Film Hub Fortnightly (April)

20th April 2020 4 Minute Read

Bringing you the best of local online film for you to enjoy at home.

As the lockdown continues on, the Queen’s Film Theatre has updated their new online initiative, QFT Player. Following on from their presentation of a filmed version of Abomination: A DUP Opera, a musical stage adaptation of the NI marriage equality campaign, you can stream a documentary that gives a behind the scenes look at the original Lyric Theatre production. Available from now until April the 25th. QFT Player is accessible on all devices and if you are signed up to any of the QFT’s memberships you will receive notice of all future presentations.

If you are looking for short films to watch, Short of the Week  is an important resource. Its catalogue is international but also includes many films from Northern Ireland, including Every Breaking Wave. Directed by veteran music video director Aoife McArdle, it sets a love story against the backdrop of The Troubles in the 80s and scores it with the music of U2. Cowboys and Dissidents, from Will Maloney, is a revenge tale that is also set during The Troubles and James, from Connor Clements, is a contemporary set drama about a boy wrestling with his sexuality and his parents’ marital woes.
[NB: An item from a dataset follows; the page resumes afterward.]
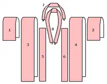 - Obiage – ¥1500, it's a bit difficult to get these cheap; the cheaper versions are often poor quality. You can always dye them a darker colour if you don't like the color, and in a pinch, a nice scarf will likely do the same job.

While Inhale, by Sean Mullan, is a documentary on grief and horse training.

The website is also home to many Irish shorts. Including Noreen, a comedy directed by actor Domhnall Gleeson and starring his father Brendan and his brother Brian and An Island, an animation from the studio Coda that depicts a lone explorer’s journey through wilderness. You can watch sport documentaries such as Five Stone of Lead, about a boy’s aspirations to become a jockey. Otherwise, if you are not interested in sport, there is the documentary-cum-farce Analogue People In A Digital Age, which gauges opinion on the transition from analogue to digital television from barflies in a pub in the village of Gort, Co. Galway. Other titles and more information on the films listed can be found on the Short of the Week website.
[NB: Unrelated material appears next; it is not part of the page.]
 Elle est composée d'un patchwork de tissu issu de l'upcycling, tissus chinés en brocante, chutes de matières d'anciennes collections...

Many more Northern Irish shorts are available to view on BBC iPlayer. Co-funded by BBC Arts and Northern Ireland Screen, Two Minute Masterpieces  is an initiative that allows up and coming NI filmmakers to make short works that are then screened on BBC Four before being made available on iPlayer. The latest series is a diverse set. Ranging from documentary and fiction, comedy and drama and covering subjects such as dystopia, adolescence, transphobia, disco dancing and slang.

Also available on iPlayer is the long-running Truth North. A collection of documentary shorts running from 10 to 20 minutes on average, the series intends to give a complex portrait of life in Northern Ireland. The latest series, its 13th, includes subjects such as the realities of living with dementia and the continued stigma associated with HIV. As well as an emphasis on communal or obscure activities like bingo and the art of rabbit catching.